Huang Jian, Frimpong Emmanuel A
Department of Fish and Wildlife Conservation, Virginia Polytechnic Institute and State University, Blacksburg, Virginia, United States of America.
PLoS One. 2015 Jun 15;10(6):e0129995. doi: 10.1371/journal.pone.0129995. eCollection 2015.
Understanding the spatial pattern of species distributions is fundamental in biogeography, and conservation and resource management applications. Most species distribution models (SDMs) require or prefer species presence and absence data for adequate estimation of model parameters. However, observations with unreliable or unreported species absences dominate and limit the implementation of SDMs. Presence-only models generally yield less accurate predictions of species distribution, and make it difficult to incorporate spatial autocorrelation.

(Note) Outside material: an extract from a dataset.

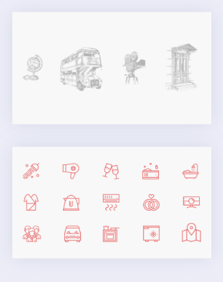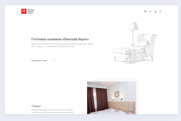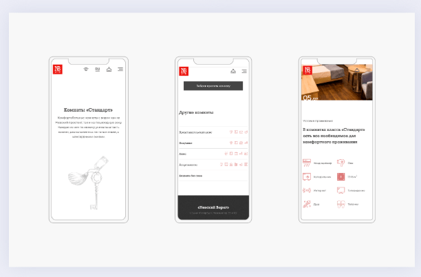 При разработке дизайна важно было подчеркнуть несколько моментов, включая территориальное расположение и ламповость. Отсюда появилась идея графической отрисовки отелей с элементами современного мира и старины. В самом дизайне был сделан упор на простоту и лёгкость.

The availability of large amounts of historical presence records for freshwater fishes of the United States provides an opportunity for deriving reliable absences from data reported as presence-only, when sampling was predominantly community-based. In this study, we used boosted regression trees (BRT), logistic regression, and MaxEnt models to assess the performance of a historical metacommunity database with inferred absences, for modeling fish distributions, investigating the effect of model choice and data properties thereby. With models of the distribution of 76 native, non-game fish species of varied traits and rarity attributes in four river basins across the United States, we show that model accuracy depends on data quality (e.g., sample size, location precision), species' rarity, statistical modeling technique, and consideration of spatial autocorrelation. The cross-validation area under the receiver-operating-characteristic curve (AUC) tended to be high in the spatial presence-absence models at the highest level of resolution for species with large geographic ranges and small local populations. Prevalence affected training but not validation AUC. The key habitat predictors identified and the fish-habitat relationships evaluated through partial dependence plots corroborated most previous studies. The community-based SDM framework broadens our capability to model species distributions by innovatively removing the constraint of lack of species absence data, thus providing a robust prediction of distribution for stream fishes in other regions where historical data exist, and for other taxa (e.g., benthic macroinvertebrates, birds) usually observed by community-based sampling designs.
了解物种分布的空间格局在生物地理学以及保护和资源管理应用中至关重要。大多数物种分布模型(SDMs)需要或更倾向于物种存在和缺失数据,以便充分估计模型参数。然而,具有不可靠或未报告物种缺失的观测数据占主导地位,并限制了SDMs的应用。仅存在模型通常对物种分布的预测准确性较低,并且难以纳入空间自相关性。美国淡水鱼类大量历史存在记录的可得性,为从仅报告为存在的数据中推导可靠的缺失数据提供了机会,前提是采样主要基于群落。在本研究中,我们使用增强回归树(BRT)、逻辑回归和最大熵模型,评估一个具有推断缺失数据的历史元群落数据库在模拟鱼类分布方面的性能,从而研究模型选择和数据属性的影响。通过对美国四个流域76种具有不同特征和稀有属性的本地非猎用鱼类物种的分布进行建模,我们表明模型准确性取决于数据质量(例如样本大小、位置精度)、物种稀有性、统计建模技术以及空间自相关性的考虑。对于地理范围大且本地种群小的物种,在最高分辨率水平下,空间存在 - 缺失模型中的接收器操作特征曲线下面积(AUC)交叉验证值往往较高。患病率影响训练AUC但不影响验证AUC。通过部分依赖图确定的关键栖息地预测因子以及评估的鱼类 - 栖息地关系,证实了大多数先前的研究。基于群落的SDM框架通过创新地消除缺乏物种缺失数据的限制,拓宽了我们对物种分布进行建模的能力,从而为其他存在历史数据的区域的溪流鱼类以及通常通过基于群落的采样设计观测的其他分类群(例如底栖大型无脊椎动物、鸟类)提供分布的可靠预测。